--- Problem to solve ---
Please restate word for word the lines of the entries below from the one with "있다. / 공주시청 제공." to the one with "Монголын МСС нь", inclusive, and leave out every picture.

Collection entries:
§ §
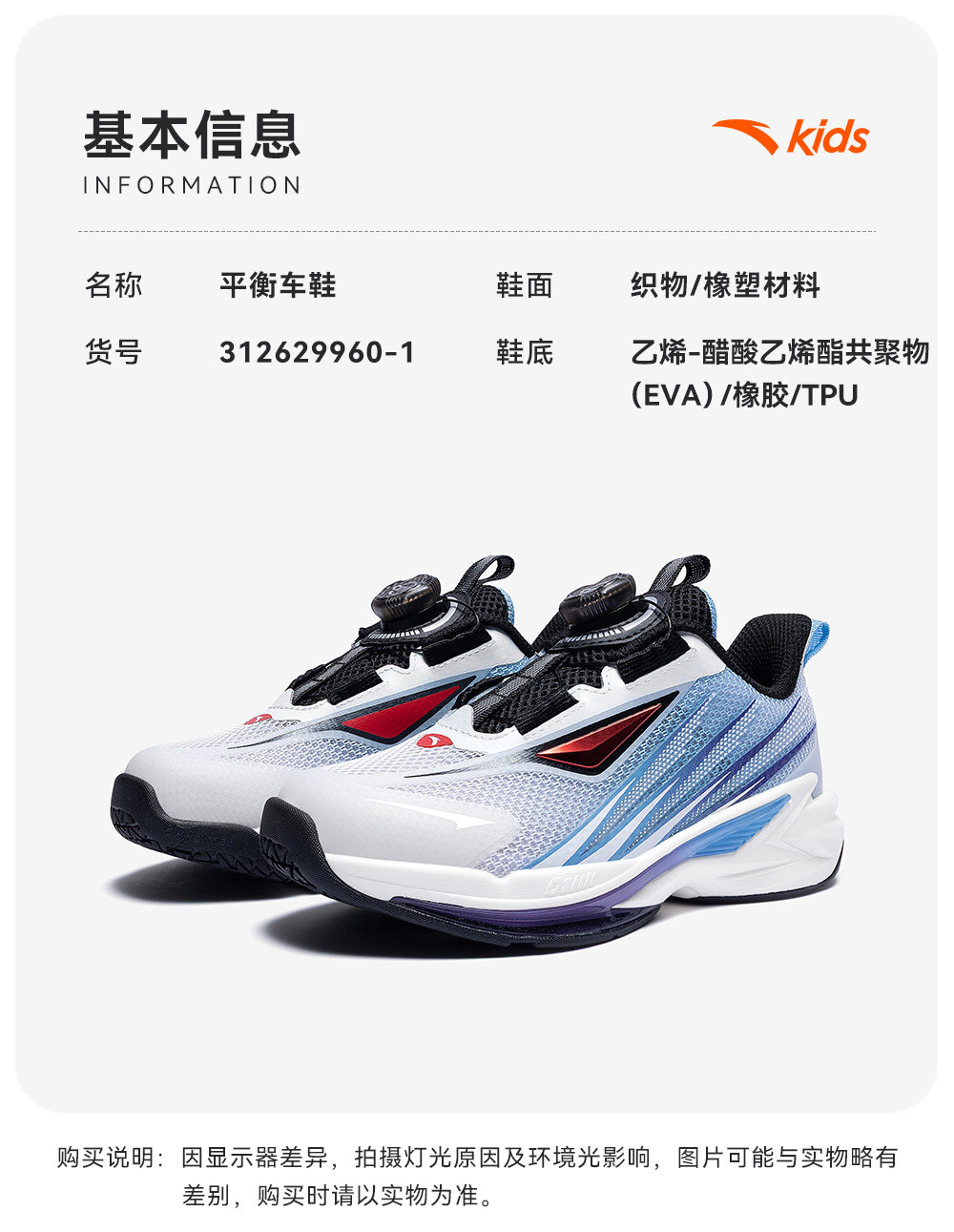 安踏儿童春季新款男小童飞骑士跑鞋平衡车鞋运动跑步防滑耐磨舒适312629960
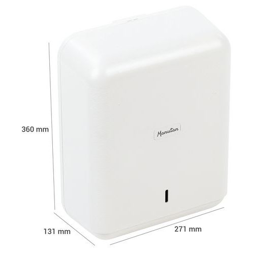 | Produktname | Papiertuchspender - 100% recyceltes ABS - Manutan Expert, Farbe: Weiß, Höhe: 360 mm, Breite: 271 mm |
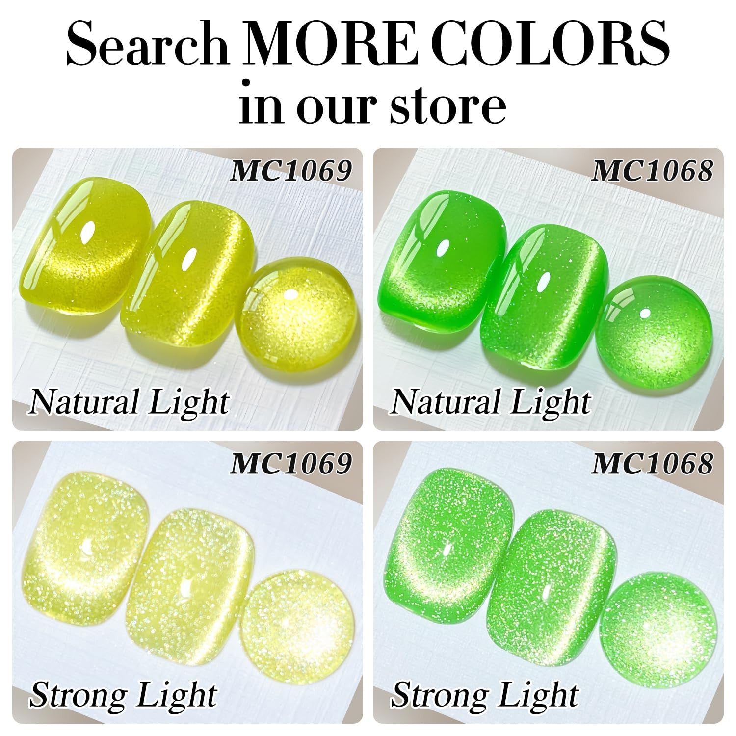 15ML Cat Eye Gel Polish with Magnet Glitter Shimmer Translucent Jelly Color 0.5 OZ Magnetic Gel Polish Salon DIY at Home (Green-Mc1068)
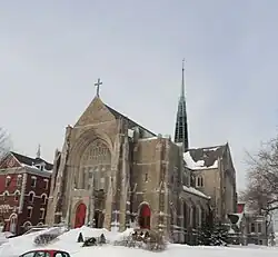 In Connecticut, they designed St. Anne Catholic Church (1910 and 1922) in Waterbury and St. Stanislaus Catholic Church (1913) in New Haven;[4] in Maine, the Town Hall (1900) in Old Orchard Beach, the former St. Joseph's Academy and Convent (1909, NRHP-listed) in Portland, St. Andre's Catholic Church (1910, NRHP-listed) in Biddeford and St. David Catholic Church (1911, NRHP-listed) in Madawaska;[1] in Massachusetts, the Academie Brochu (1899, NRHP-listed) in Northbridge;[5] and in New Hampshire, the former St. Francis Xavier Catholic Church (1898), now St. Mary and Archangel Michael Coptic Orthodox Church, in Nashua[6] and the former St. George's Catholic School (1898, NRHP-listed) in Manchester.[7]
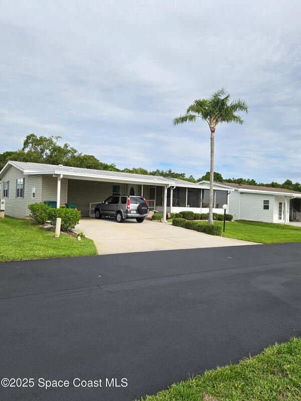 You will love this community of manufacturedhomes for seniors where you OWN THE LAND!Hoa fees are low and cover cable,internet,and lawncare. This home has 3 bedrooms/2 baths,a handicapped entry if needed and a peek-a-boo view of the lake.Enjoy complimentary boat & R.V. parking ,activities when you wish ,pickle ball,shuffleboard,water arobics,dances,parties galore..Watch rocket launches from home since Nasa is close by as well as shopping,beaches and Cocoa Village.
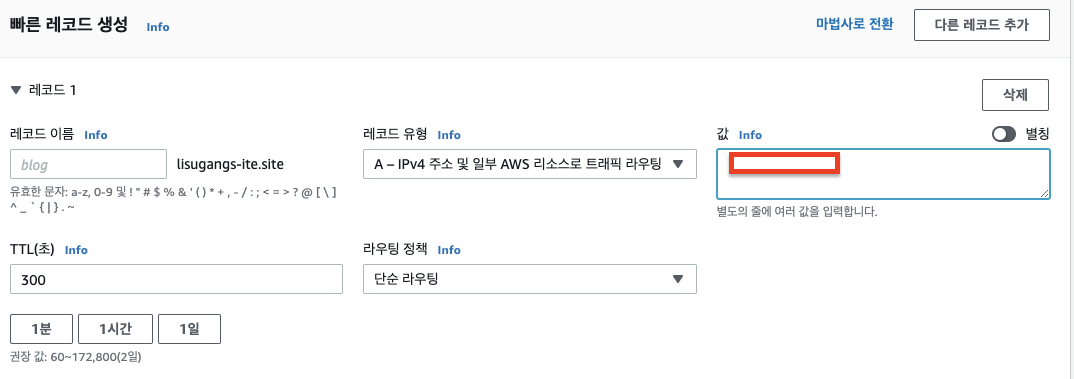 호스팅 영역 생성하기에서 도메인 이름에 구입한 도메인 명을 넣는다. (설명 추가는 옵션이다.)
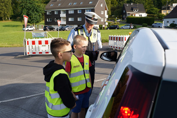 In Wegescheid haben heute 20 Drittklässler der Gemeinschaftsgrundschule Hülsenbusch an der Aktion teilgenommen. Unterstützt wurden sie dabei von Oberkommissarin Daniela Kindel und den Hauptkommissarinnen Ina Beyenburg und Kerstin Schinkovski. Mit dabei waren unter anderem Ole (7) und Alaric (8). Die beiden hatten richtig Spaß bei der Aktion, suchten sich die Autos aus, die ihnen am besten gefielen. Nach zwei BMW sollte es ein weißer Audi werden. Die beiden warteten vergeblich, pickten sich dann aber einen großen Mercedes heraus. „Heute werden viele Kinder eingeschult. Bitte fahren Sie vorsichtig“, sagten sie dem Fahrer. Zur Erinnerung gaben sie ihm dann noch ein kleines Foto von einem Schulkind mit, auf dem steht: „Pass bitte auf mich auf!“
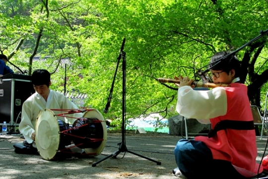 ▲지난해 열린 마곡사 신록축제 대금 연주 공연이 펼쳐지고 있다. / 공주시청 제공.
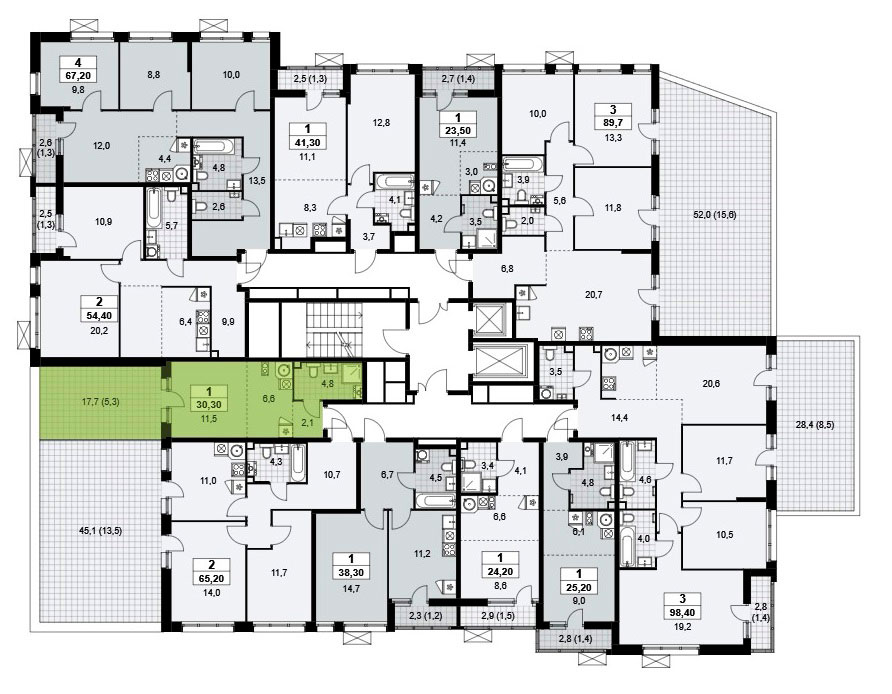 На продажу выставлены квартиры-студии, одно-, двух-, трех- и четырехкомнатные квартиры площадью от 20,2 до 128,9 кв.м.
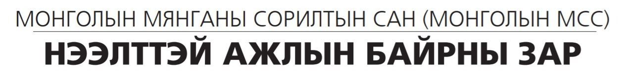 Монголын МСС нь мэргэжлийн зохих ур чадвар, ажлын туршлага бүхий дараах ажилтнуудыг сонгон шалгаруулахаар зарлаж байна.
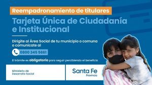 El Ministerio de Desarrollo Social, a través de la Dirección Provincial Programa Alimentario, informa que titulares de la Tarjeta Única de Ciudadanía e Institucional que a la fecha no realizaron el trámite, deberán reempadronarse para continuar percibiendo la prestación.
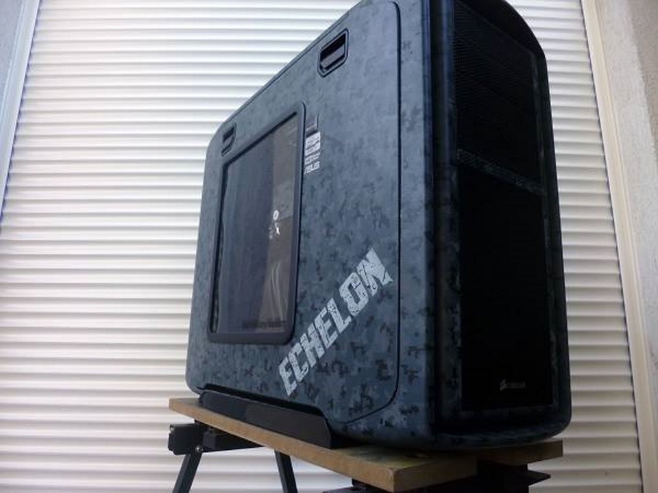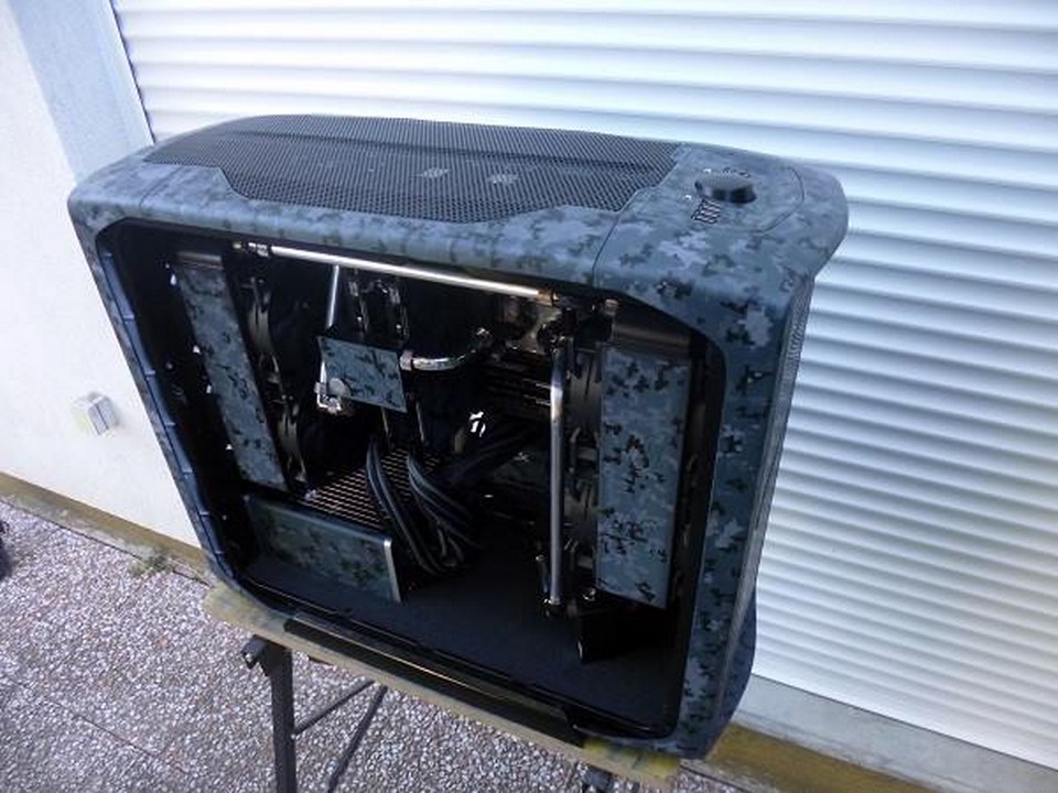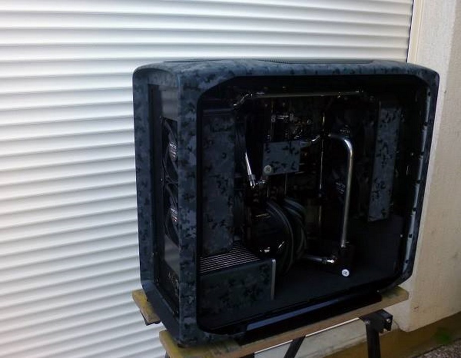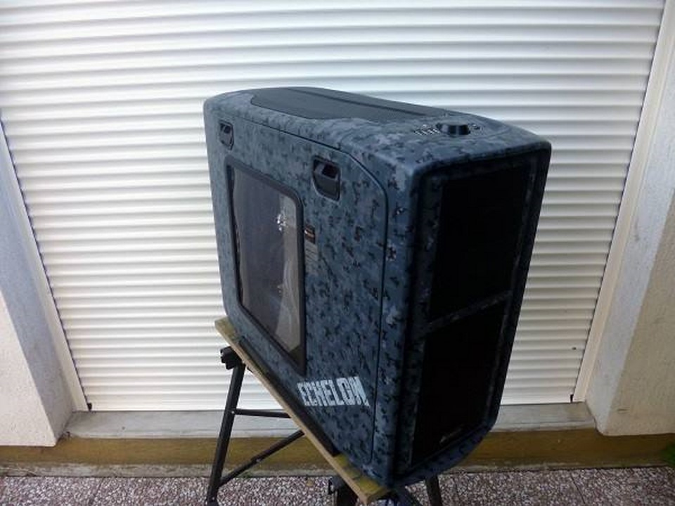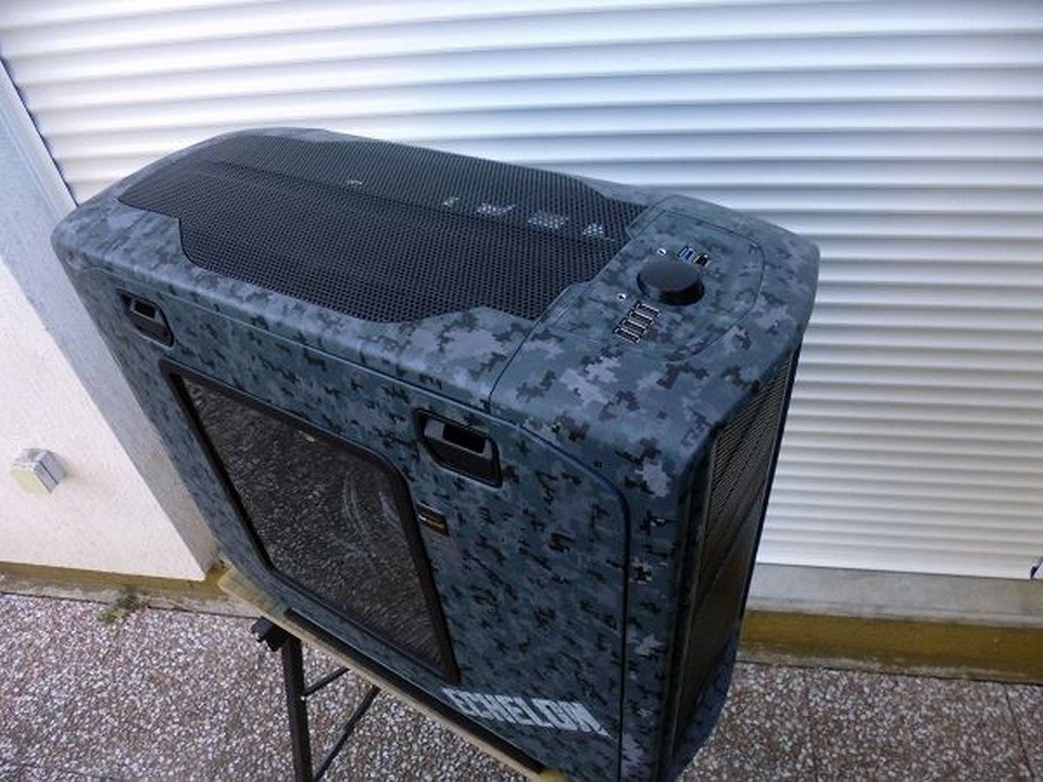 Souvenez vous, début mars, Math attaquait un nouveau mod pour la sortie des nouveaux périphériques d’Asus : la gamme Echelon. Pour s »inscrire dans un camouflage digital bleuté, qui d’autres que Math ?! C’est à grand renforts de Dremel et d’aérographe qu’il nous a une fois de plus abasourdi, avec l’aide de ses partenaires Asus France, VedayShop.fr, Western Digital, beQuiet!, EKWB, Dremel, et enfin Kingston. Grâce à un nouvel agencement intérieur, à d’astucieux pochoirs, et de nombreuses couches de peintures, notre moddeur a su sublimer le 600T tant aimé.
§ §
--- Solution ---
 ▲지난해 열린 마곡사 신록축제 대금 연주 공연이 펼쳐지고 있다. / 공주시청 제공.
 На продажу выставлены квартиры-студии, одно-, двух-, трех- и четырехкомнатные квартиры площадью от 20,2 до 128,9 кв.м.
 Монголын МСС нь мэргэжлийн зохих ур чадвар, ажлын туршлага бүхий дараах ажилтнуудыг сонгон шалгаруулахаар зарлаж байна.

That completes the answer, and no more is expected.